Esta simple lista de consideraciones pretende simplificar el proceso de selección de una nueva caña de la mejor manera posible.
¿De qué depende la elección?
La caña adecuada depende de las condiciones de pesca que se espera enfrentar y también de algunos gustos o estilos personales que entran a influir en el modelo. Las condiciones que afectan la elección son las siguientes:
Materiales de construcción de cañas
Las alternativas de hoy son esencialmente tres: Bambú, Fibra de Vidrio, Grafito. Las de bambú son tremendamente apreciadas por aquellos pescadores con alma de coleccionista, ya que son éstas las más finas, tradicionales, estéticas, y caras cañas que se pueden llegar a encontrar. Por supuesto, existen de diversos rangos de calidad, pero en general, las cañas de bambú son consideradas una obra de arte, por lo que son fabricadas, compradas, y utilizadas como tales. Las de fibra de vidrio son algo más livianas y aparecieron como una alternativa en su momento, pero fueron prontamente reemplazadas por las de grafito, hoy las más popularizadas, ya que son mucho más livianas y el precio es variable, pero siempre hay modelos al alcance de todos los bolsillos.
Acción de la caña
Las construcción de la caña puede determinar que ésta tenga una acción, rápida, media, o lenta. Esta acción se traduce en el tipo de lanzamiento y presentación que se puede lograr. Las cañas de acción rápida logran combatir el viento y lograr lanzamientos más largos, pero no ayudan a una presentación delicada, mientras que las de acción lenta logran el efecto contrario. Por supuesto, una de acción media ofrece un balance entre distancia y lanzamiento, versus presentación.

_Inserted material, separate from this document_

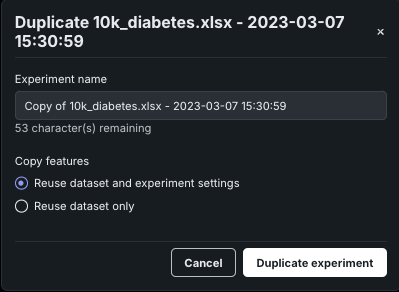 Use the link at the top of the Leaderboard to duplicate the current experiment. This creates a new experiment and can be a faster method to work with your data than re-uploading it.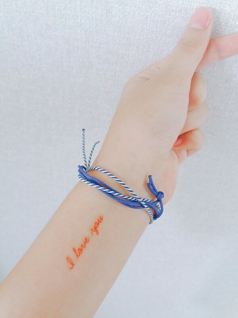 이건 타투스티커!! 손목 뒷쪽이 젤 예쁠거같아서 했당♡ 종이 뒷면에 물뭍히고 꾸욱 누르고있다가 살살뜯어내면 예쁘게 돼!!

¿Cómo se determina la acción de una caña? Los modelos de cañas de los fabricantes actuales son siempre claros en sus presentaciones, indicando cuáles de éstos son de qué tipo de acción, pero es posible hacer una simple prueba con la caña en mano, para determinar su tipo de acción. Tomándola firmemente del mango, realizar dos o tres rápidas flexiones. Si la caña se flecta más bien hacia la punta, es una de acción rápida. Si toda la caña se flecta, entonces es de acción lenta. Por supuesto, un grado intermedio determina cañas de acción media.
Largo de la caña
Las cañas normalmente están en un largo cercano a los 9 pies, que equivalen a poco menos de tres metros. Existen cañas más bien delicadas, de números pequeños (AFTMA #2 a #4) que pueden ser de menor largo, incluso 7 ó 7 pies y medio. Por otro lado, algunos modelos para pesca extrema, pueden superar los 10 pies (en números AFTMA #8 o más). Caso especial son las cañas Spey, diseñadas para lanzamientos a dos manos y una técnica bastante distinta, de la cual no entro en detalles en esta ocasión.
Empaque de la caña
Los modelos de cañas modernas, al menos se dividen en dos tramos, llegando algunos modelos a 7 tramos. Lo común es encontrar cañas armadas de 4 tramos. La diferencia puede no ser evidente, cuando comparamos cañas de dos a cuatro tramos, todas de la misma calibración AFTMA. La diferencia puede verse en el peso, ya que mientras más tramos tiene una caña, más pesada es y el grosor de ésta debe variar para equipararse a una del mismo calibre de menos tramos. La ventaja obvia de elegir una caña armada con más tramos es la facilidad de transporte de un tubo más corto.
Los detalles
El mango o empuñadura, el asiento del carrete, las guías o anillas para pasar la línea, los ferrules (uniones de los tramos), la punta, y la terminación general, son aspectos que pueden hablar de la calidad en la confección de la caña. Cañas más baratas normalmente recurrirán a materiales más simples, e incluso, el plástico en todo o parte de estos detalles, especialmente el asiento del carrete.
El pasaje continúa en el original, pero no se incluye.